Sotto lo sconfortante “rumore di fondo”, però, gli elettori si stavano muovendo e schierando in una maniera che ha colto di sorpresa tutti. Che cosa è successo nel corpo elettorale? Intanto il voto è la conferma che toccare la Costituzione con una offensiva di parte non paga mai, e non è un “istinto conservatore” ma una reazione al fatto che le leggi di garanzia devono essere di garanzia per tutti e non (come ha detto Nordio) oggi far comodo a una parte e magari domani a un’altra. E poi visibilmente la forzatura di Meloni è stata percepita per quello che era: il tentativo di sfondare e, una volta messa una bandierina sul referendum giustizia, il passo successivo sarebbe stato la nuova legge elettorale con un super premio di maggioranza, magari andando al voto in autunno. Lasciandosi per la prossima legislatura una doppia opportunità: approdare direttamente al Quirinale o fare la riforma del premierato, svuotando il ruolo di garanzia del presidente e facendo del premier qualcosa che oggi non è.
La bocciatura è visibile e durissima per lei, che ha già detto che andrà avanti dalla poltrona di Palazzo Chigi. È una scelta, solo che restando lì proietta la sconfitta non solo su sé stessa ma su tutta la maggioranza. Quando Renzi dopo la sconfitta del 2018 lasciò la guida del governo a Gentiloni lo fece non solo e non tanto per mantenere fede a quello che aveva detto in campagna elettorale, ma perché credeva in qualche modo che così il governo sarebbe stato meno gravato dalla sconfitta referendaria. Andò diversamente, ma lui aveva un Gentiloni a cui passare il testimone, Meloni non ce l’ha.
Per i motivi di questa sconfitta Meloni deve anche interrogarsi su quanto abbia pesato la sua posizione internazionale. Tutti gli osservatori hanno sempre sostenuto che le elezioni, anche quelle più generali, non si vincono sulla politica estera. Qualcosa però in questo paradigma si deve essere rotto. Questo qualcosa è Donald Trump, che sta facendo apparire le questioni internazionali non più come un complesso scacchiere diplomatico e geopolitico ma come qualcosa che capricciosamente entra nella vita di tutti i giorni in forme sconclusionate e aggressive e con conseguenze drammatiche sul campo dei conflitti e imprevedibili sul resto del mondo. In questo modo il “lontano” conflitto con l’Iran è finito non solo coi morti ammazzati ma anche immediatamente nelle pompe di benzina e, via via sempre di più, nei prezzi di tutti i generi che vengono trasportati. Chi tocca Trump raccoglie una immediata antipatia, la Meloni ha ambiguamente giocato su una “amicizia speciale” col presidente americano, allontanando la mano quando ha capito che rischiava di bruciarsi, ma era troppo tardi. Ne sanno qualcosa in questi stessi giorni la destra francese come quella slovena. E anche Orban sta scricchiolando.

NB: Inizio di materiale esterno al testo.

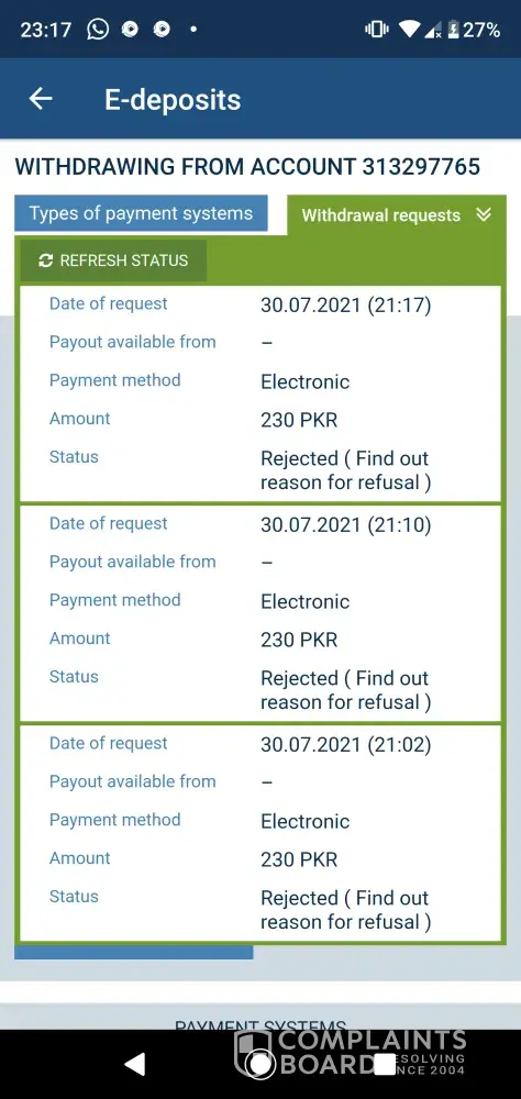 I've deposit by easy way but when i want to withdraw they asked me to verify my account and send my id and screenshots and I've done all instructions and they refused too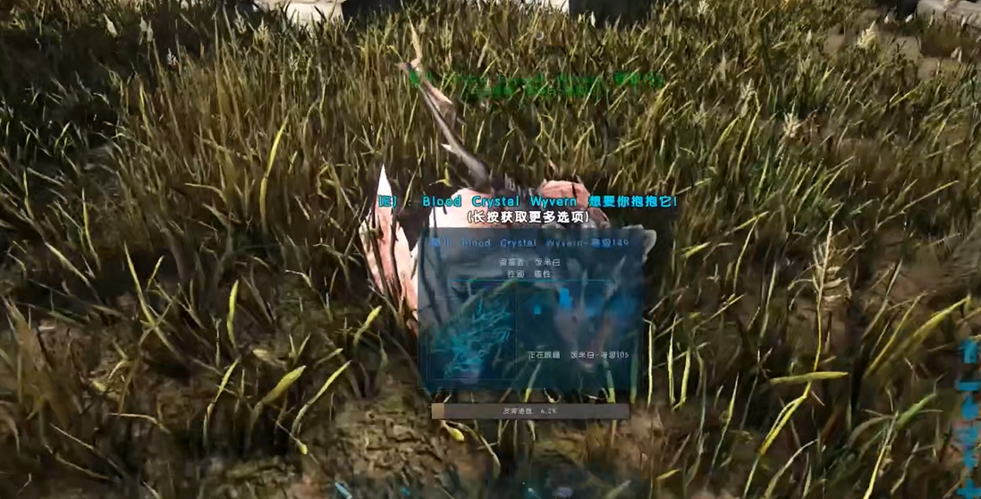 成功困住洪荒龙后,需使用复合弓连续发射麻醉箭以累积其眩晕值,直至目标彻底昏迷。使用麻醉箭或麻醉弹将生物击晕是常规驯化方法之一。击晕后需立刻用木制拒马等设施将其围住,以防其他肉食恐龙干扰驯服过程。此时应立即将嘉年华蛋或生肉放入其物品栏,启动进食。只需放入背包即可,切勿强制喂食。

Ora si apre una fase politica del tutto nuova: il centrosinistra, il campo largo – se vogliamo chiamarlo così – porta a casa un successo e deve saperlo capire prima ancora che maneggiare. Se i sondaggi politici ancora una settimana fa davano in vantaggio la destra e oggi il voto reale invece cambia le carte in tavola, vuol dire che c’è una spinta in direzione del centrosinistra ma che lo stesso centrosinistra questa spinta non sa ancora comprenderla e consolidarla. Mentre sulle televisioni il tema sembra diventato immediatamente quello delle “primarie”, reintroducendo un elemento conflittuale prima ancora di poter consolidare il risultato, non stiamo messi bene. Non sono mai stato contrario alle primarie ma vanno costruite attorno a una serie di obiettivi condivisi. Non serve un “programma di legislatura” ma vanno chiarite davvero le scelte, le priorità. Solo così un confronto tra personalità diverse non diventa una lacerazione.